Record quantities are not evenly distributed between major taxa, and global sampling schemes differ between these taxa (Fig. 2). CPR observations are highly condensed in the North Atlantic (and to a lesser extent south of Australia) for the Bacillariophyceae and Dinophyceae (Fig. 2a, b), but this aggregation is less clear for the Haptophyta (Fig. 2c), whose species typically have much smaller cells (often <10 µm) than the species of the former two groups. These three principal phytoplankton taxa have been surveyed well along the north–south AMT cruises, but they lack data in large areas of the South Pacific. Among the less species-rich taxonomic groups, including Cyanobacteria and Chlorophyta, global occurrence data coverage has been sparser (Fig. 2d, e). Since all of the principal phytoplankton taxa are globally abundant and widespread, the absence of records likely reflects a lack of sampling efforts rather than a lack of phytoplankton.
Environmental coverage
The phytoplankton occurrences compiled cover the entire temperature range and a broad part of nitrate and mixed-layer conditions found in the global ocean (Fig. 3a, b). To visualize the environmental data coverage, Fig. 3 matches occurrence records of PhytoBase with climatological sea surface data on nitrate (Garcia et al., 2013), temperature (Locarnini et al., 2013), and mixed-layer depth (de Boyer Montégut, 2004) at monthly resolution. Records are concentrated in areas with intermediate conditions, which are relatively more frequent at the global scale (gray shade; Fig. 3a, b). Data on cell counts (7.7 % of total) show a similar coverage to the full data (Fig. 3a, b) but are much thinner (Fig. 3c, d).
Taxonomic coverage
We assessed what fraction of the known marine phytoplankton species (Falkowski et al., 2004; Jordan, 2004; de Vargas et al., 2015) is represented in PhytoBase. The records include all major marine taxa of phytoplankton known (n=16 classes), including Bacillariophyceae, Dinophyceae, and Haptophyta. Records span roughly half of the known marine species of the Haptophyta (Jordan, 2004) and a similar fraction of the known marine species of Bacillariophyceae and Dinophyceae (Table 4). By contrast, species of the less species-rich taxa tend to be more strongly underrepresented and account for a relatively small fraction (<3 %) of all species in PhytoBase.
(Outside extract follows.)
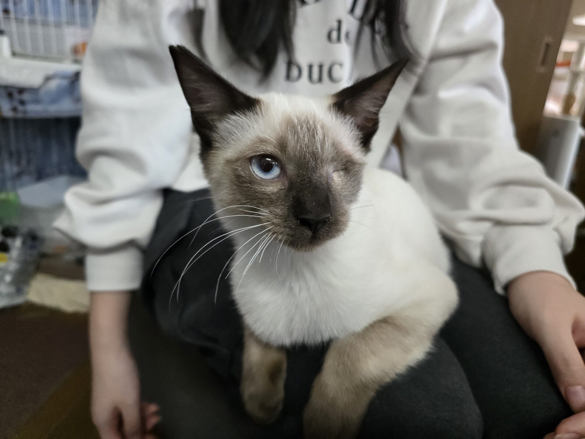 左目が風邪の後遺症で眼球摘出手術をうけました。左後脚も断脚手術をうけました。
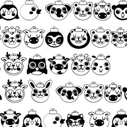 This cute collection of animal faces has Christmas greenery and flower as decor...

Record quantities are unevenly distributed between individual species (Fig. 4). Half of the species contain at least 30 presence records, but multiple species contribute one or two records (Fig. 4a). The species with fewer than 30 records account for as little as 0.54 % of all species records in PhytoBase. Similarly, half of all genera contain at least 110 records each, while genera with fewer than 110 records each contribute as little as 8.2 % to the total of records. A similar data distribution applies to the subset of species (n=330) for which cell count records (with a volume basis) are available (Fig. 4b). Half of these species contribute at least 16 records, and among the genera containing cell counts, half contribute at least 76 records.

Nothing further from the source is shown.